Higher education institutions in the United States face unprecedented challenges, including declining student enrollment, financial strain, and increasing costs. ​ Colleges and universities are exploring strategic alliances, partnerships, and mergers to overcome these obstacles and ensure their long-term viability. ​These collaborations offer a path forward by enhancing academic offerings, improving student outcomes, and increasing financial stability. A July 20, 2023, McKinsey article* describes the opportunities and challenges colleges and universities face when considering “buddying up” with a like-missioned peer. In this blog post, Steve Graham, from Triangle’s higher education practice group, builds on the McKinsey piece and explores the importance of partnerships and mergers in higher education and how they can help institutions navigate the changing landscape. ​

Declining Student Enrollment. ​ One of the most daunting challenges higher education faces is a decline in student enrollment. ​Over the past decade, there has been a significant decrease in first-time student enrollment in both private and public institutions. This decline, coupled with the impending demographic cliff, where enrollment is expected to contract even further, poses a serious threat to the financial viability of many institutions.

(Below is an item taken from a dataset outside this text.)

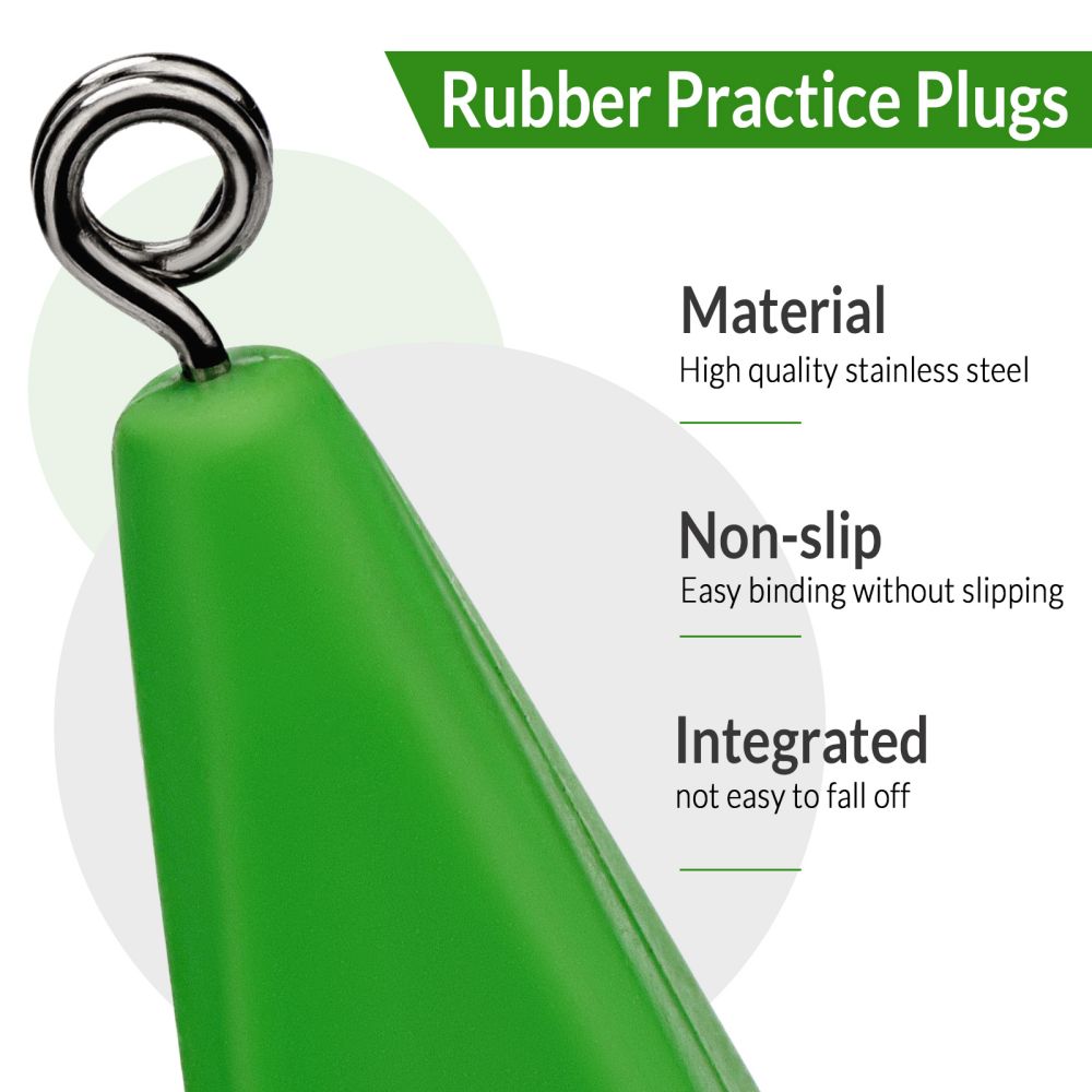Durable and Wear-Resistant: Made from solid, durable hard rubber, these practice plugs are built to last. The flat bottom design reduces friction with the ground, allowing for quick retrieval and efficient practice sessions. Stainless steel tie rings enhance durability, solving the problem of easily broken plastic rings.

The Power of Partnerships. Institutions are increasingly turning to partnerships and alliances to address declining enrollment and financial pressures. ​These collaborations can take various forms, such as practice-sharing cohorts, program reciprocity, research collaborations, joint ventures, and integrated services consortiums. ​ Institutions can often expand academic opportunities, improve student experiences, and operate more efficiently through these partnerships than by going it alone. ​

Mergers and Acquisitions. ​ While partnerships offer valuable benefits, the most transformative opportunities often arise through mergers and acquisitions (M&A). ​ M&A activity in higher education has increased, with institutions leveraging this strategy to achieve complementary academic programming, expanded geographic presence, enhanced shared services, and improved student outcomes. ​ M&A can be a lifeline for struggling institutions, ensuring financial stability and expanding educational access. ​

Challenges and Considerations. While partnerships and M&A hold great potential, they are not without challenges. Misaligned objectives, inexperienced negotiators, insufficient due diligence, and complex stakeholder dynamics can hinder the success of any collaboration. However, institutions can increase their chances of success by defining clear goals, conducting thorough due diligence, and thoughtfully planning for implementation.

Conclusion. In the face of declining enrollment and financial strain, partnerships and mergers have emerged as powerful strategies for higher education institutions. ​ By leveraging these collaborations, institutions can enhance their academic offerings, improve student outcomes, and achieve financial stability. ​ However, careful planning, due diligence, and effective implementation are crucial for the success of these initiatives. As the higher education landscape continues to evolve, institutions must embrace innovative approaches to ensure their long-term viability and provide students with the best possible education.